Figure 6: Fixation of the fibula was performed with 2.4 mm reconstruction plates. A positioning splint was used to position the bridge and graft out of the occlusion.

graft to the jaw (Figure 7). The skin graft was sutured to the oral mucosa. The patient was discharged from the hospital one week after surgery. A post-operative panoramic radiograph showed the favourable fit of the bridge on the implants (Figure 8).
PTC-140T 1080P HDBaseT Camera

------------------------------------------------

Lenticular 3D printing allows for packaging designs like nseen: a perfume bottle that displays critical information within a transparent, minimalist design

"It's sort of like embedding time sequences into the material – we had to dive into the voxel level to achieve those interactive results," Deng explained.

------------------------------------------------

INSTRUCTIONS FOR THE TASK:
Go through the listing above and write out exactly the lines starting with the one holding "Figure 6: Fixation" and running through the one holding "PTC-140T 1080P HDBaseT Camera", ends included, and no others.

RESPONSE BOX:
Figure 6: Fixation of the fibula was performed with 2.4 mm reconstruction plates. A positioning splint was used to position the bridge and graft out of the occlusion.

graft to the jaw (Figure 7). The skin graft was sutured to the oral mucosa. The patient was discharged from the hospital one week after surgery. A post-operative panoramic radiograph showed the favourable fit of the bridge on the implants (Figure 8).
PTC-140T 1080P HDBaseT Camera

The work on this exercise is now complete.